Here, we use these transgenic mice as a model to investigate the impact of unconditioned cue salience on associative learning and the underlying neural circuitry. We will first conduct a behavioural study to dissect which cue properties contribute to its unconditioned salience. We will then use fast-scan cyclic voltammetry (FCV) to investigate whether genotype differences in NAc dopamine, either at baseline (to unconditioned cues and/or unpredicted reward delivery) or during Pavlovian learning, underlie the differential sensitivity of the transgenic mice to unconditioned cue salience. Finally, we will investigate which brain regions are causally responsible for the observed genotype differences in behaviour, by using viral vectors to selectively restore gene function in NAc or frontal cortex. This cutting-edge approach will extend the role of NAc, and possible cortical, dopamine in reward learning to include effects on unconditioned cue salience.

As outlined in the 'Academic Beneficiaries' section, one of the main people to benefit from this research will be the post-doctoral researcher. As well as receiving training in cutting-edge techniques available in only a few laboratories worldwide, he/she will gain experience of taking a project from start to finish and will develop their technical and research skills. This is of significant value, given the shortage of experienced scientists with in vivo expertise in both academia and industry.
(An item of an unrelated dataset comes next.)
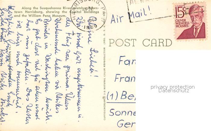 73645837 old postcard Harrisburg Pennsylvania Along the Susquehanna River Capitol buildings and the William Penn Museum Aerial view postalisch gelaufen Erhaltung siehe scans [WerneD78] KatCode: 14140410000000
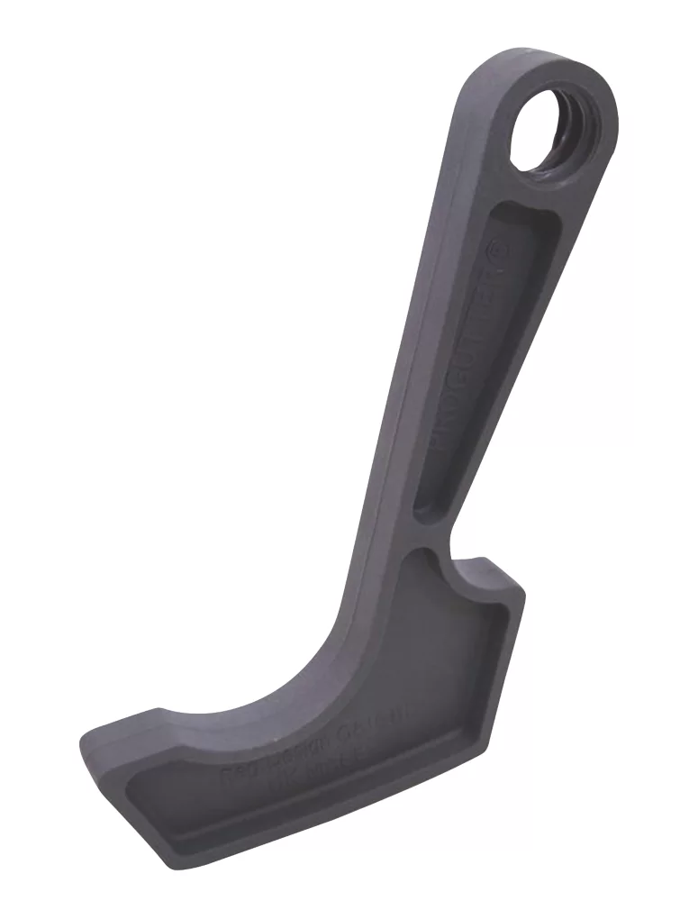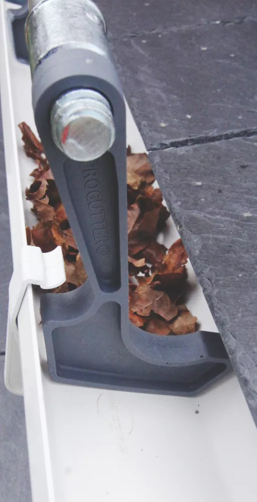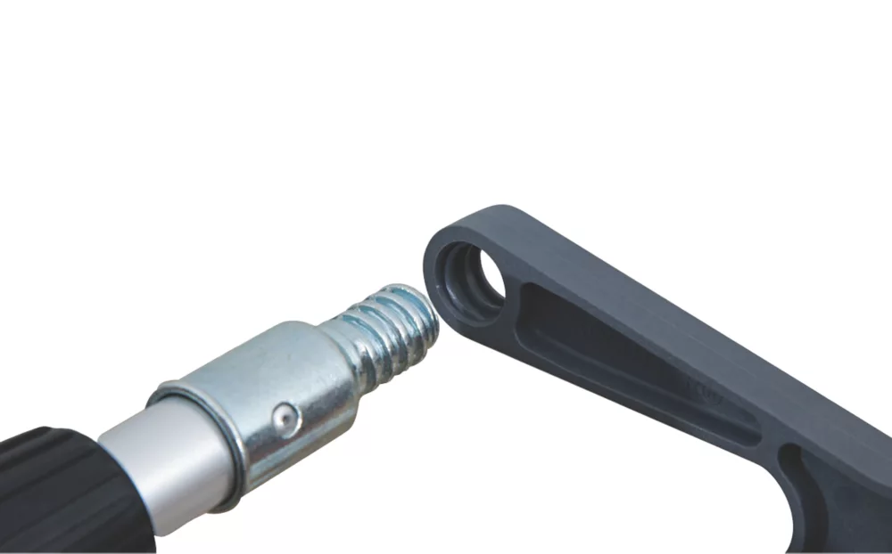 Square gutter clearing tool with universal thread allows tool to be screwed directly onto a standard telescopic pole. Product is designed to avoid contact with gutter securing clips so debris is pulled to one location for safe and convenient collection. Guttering can be cleaned from both directions without changing the ladder position.

The post-doctoral researcher will be embedded with the active and diverse neuroscience community within Oxford, who have joint lab meetings and many seminars and lectures. As part of this, they will have the opportunity to present their research in an informal and friendly environment in preparation for conferences presentations.
Whilst this grant does not directly fund any students, part of the research could be undertaken by MSc or, in the case of the non-regulated procedures, undergraduate students. This will give them hands-on experience of research, as well as direct experience of the process of undertaking animal research. All of the applicants have significant contact with, and supervisory experience of, MSc and undergraduate students.
As outlined elsewhere, we anticipate that scientists in the pharmaceutical industry and clinical scientists will benefit from the research, both via the training of researchers with knowledge of cutting-edge in vivo techniques and from the results of the research.

In the course of our research we have found that the idea that genetic factors can influence an individual's ability to learn is of significant interest to the general public. The proposed research is therefore likely to provide opportunities to engage with the public to promote the public understanding of science.